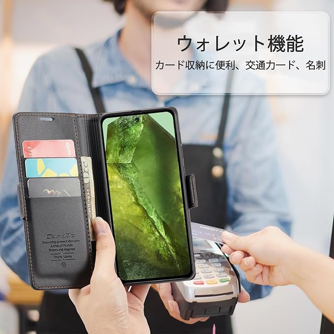 【スタンド機能】横置きのスタンド機能が付いて、ケースを横置くとスタンド機能になり、好きな角度を調節できて、両手が解放され、お気軽に読書やビデオの観賞を楽しむことができます。内側には三つのカード入れとフリーポケットがつき、名刺や定期券の収納に優れています。財布を持ち歩かずに名刺や定期券やをスマホと一緒に持ち歩くことは便利な手帳型ケースです。
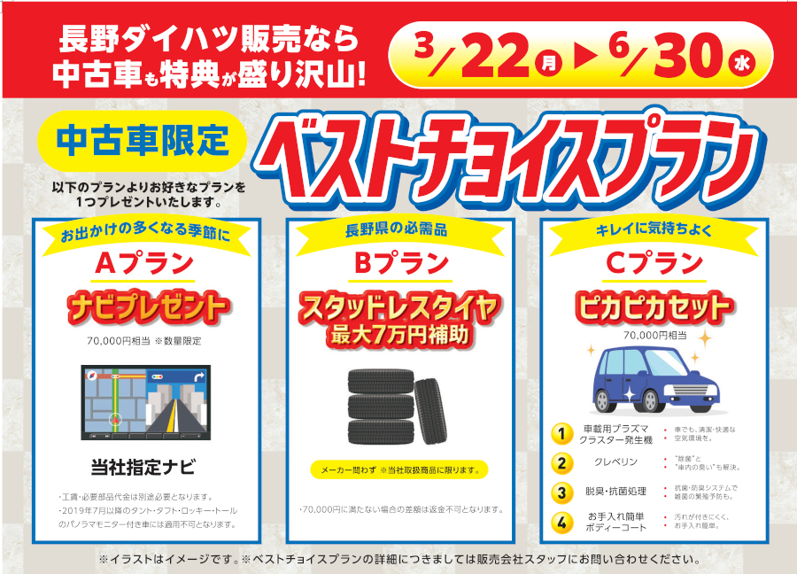 中古車限定 ベストチョイスプラン登場!!(終了致しました)
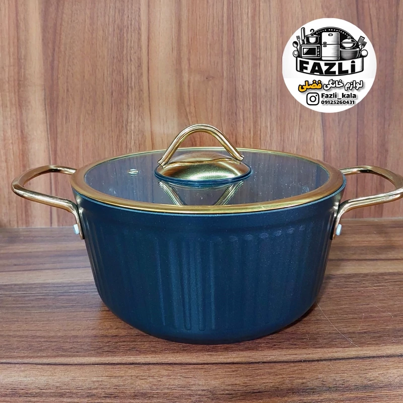 اندازه: سرویس ۱۰ پارچه شامل : ۴ قابلمه ۲۰_۲۴_۲۸_۳۲ و یک تابه دودسته ۲۸

* Directions: Restate the listing word for word, pictures excluded.

* Reply to the task:
 【スタンド機能】横置きのスタンド機能が付いて、ケースを横置くとスタンド機能になり、好きな角度を調節できて、両手が解放され、お気軽に読書やビデオの観賞を楽しむことができます。内側には三つのカード入れとフリーポケットがつき、名刺や定期券の収納に優れています。財布を持ち歩かずに名刺や定期券やをスマホと一緒に持ち歩くことは便利な手帳型ケースです。
 中古車限定 ベストチョイスプラン登場!!(終了致しました)
 اندازه: سرویس ۱۰ پارچه شامل : ۴ قابلمه ۲۰_۲۴_۲۸_۳۲ و یک تابه دودسته ۲۸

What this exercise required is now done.